On the opposite end, GhostNet, LCNet, and MixNet show much lower MCC scores (~0.67–0.80) and lower Accuracy (<83%), though they offer relatively fast inference times (as low as ~0.06–0.16 s). These models may be suitable for low-resource or latency-sensitive applications, but at the cost of predictive precision.
Models such as EfficientNetB4 and MixNet + EfficientNetB4 position themselves in the mid-to-high MCC range (~0.81–0.85), with inference times under one second and respectable accuracy. While they do not dominate any single metric, their overall balance makes them flexible candidates for a variety of deployment contexts.
Figure 8 underscores the importance of multi-metric evaluation in model selection. It visually maps out the trade-offs between speed, accuracy, and prediction confidence, helping practitioners determine which models align best with their deployment constraints. For real-time applications, EdgeNeXt and its hybrid variants stand out, while DPN-based architectures offer unmatched predictive quality for tasks where speed is secondary.
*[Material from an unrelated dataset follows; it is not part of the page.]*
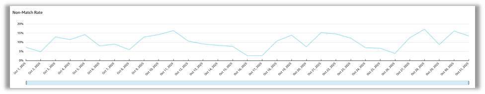 The non-match rate visualization shows a line graph with a data point for each day between the Begin and End Date.
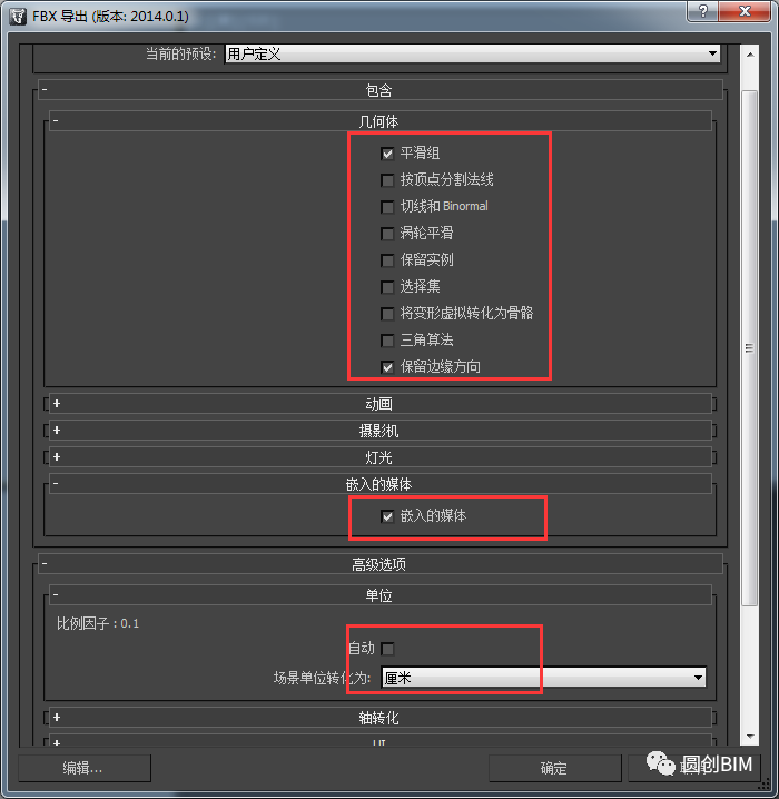 ①3DMAX软件导入.FBX文件时需注意事项如图:

Meanwhile, lighter models offer a compromise for general-purpose or mobile environments.
To explain how the models make classification decisions and to enhance interpretability, Grad-CAM and Integrated Gradients (IG) visualizations were applied to all candidate architectures. These two complementary methods reveal where and how each model focuses on specific features within mushroom images, making the “black-box” nature of deep learning more transparent. Grad-CAM visualizations are presented in Figure 9, and IG visualizations are shown in Figure 10.
In the Grad-CAM visualizations (Figure 9), models such as RepVGG and DPN exhibit intense and localized activations focused on key mushroom structures such as caps, gills, and edges. This high concentration of activations not only reflects superior predictive performance but also indicates that the decisions are based on biologically meaningful visual cues. GhostNet and EfficientNetB4 also concentrate on relevant areas, although their heatmaps are slightly more diffuse, suggesting moderate interpretability. LCNet, MobileNetV2, and MixNet generally succeed in detecting the mushroom, yet their focus is more dispersed, with a lower degree of concentration on distinct structural regions. This aligns with their moderate performance metrics and suggests a more limited feature extraction capacity. Hybrid models such as Xception + DPN and MixNet + EfficientNetB4, despite their high performance, show fluctuations in Grad-CAM consistency, producing strong focal points in some cases while displaying more widespread or irregular activations in others. EdgeNeXt, on the other hand, shows relatively diffused and less sharply focused activations in Grad-CAM, but it still manages to capture the overall structure of mushroom textures.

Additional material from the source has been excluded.